The atmospheric pattern over the eastern U.S. has been spinning a wheel the last several days and may get another wheel stuck early next week, repeating the cool, damp weather we’ve been having early this week.

In between, there will be a few days — Thursday, Friday and probably most of Saturday — that actually seem like early June, with more sunshine and highs pushing well into the 80s in most of Southwest and Southside Virginia.

The Memorial Day weekend weather — much to the chagrin of lake goers but to the pleasure of some gardeners — was dominated by a stubborn upper-level low west of our region and for a time by a strong surface low along the coast of the Carolinas.

It took most of Saturday and Sunday for the circulation off the Atlantic Ocean to saturate a dry atmosphere, but once it did, some heavy amounts of rain poured over parts of our region, especially south of the U.S. 460 corridor and along and west of the Blue Ridge, on Sunday night and Monday, even enough for some sporadic minor flooding despite prior dryness.

Showers continued to spin through the region at odd angles — east to west, even northeast to southwest — through the rest of Monday into Tuesday and Wednesday as well.
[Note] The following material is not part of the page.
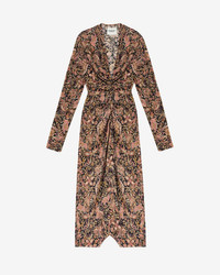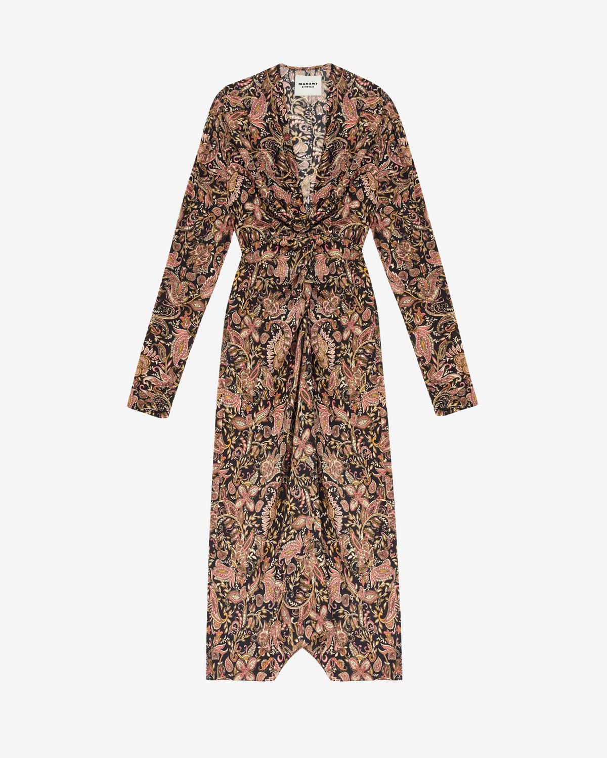 Printed flowing long-sleeve dress Low-cut V-neckline Twisted detail on the front Pleated shoulders Done up on the side with a hidden zipper Midi length Style: RO0726FAC1J02EBKOC ZELIHA 100% viscose

If having a stalled upper-level low in late May continually circulating moisture against the mountains for days sounds familiar, well, the same thing happened at about the same time of year just three years ago.

The 500-millibar map from May 22, 2020. Courtesy of National Weather Service.
The 500-millibar map from May 21, 2020. Courtesy of National Weather Service.

Compare the weather maps at 500 millibars, or generally three to four miles up, between May 21, 2020 (above), and May 28, 2023 (below), and the similarities are obvious.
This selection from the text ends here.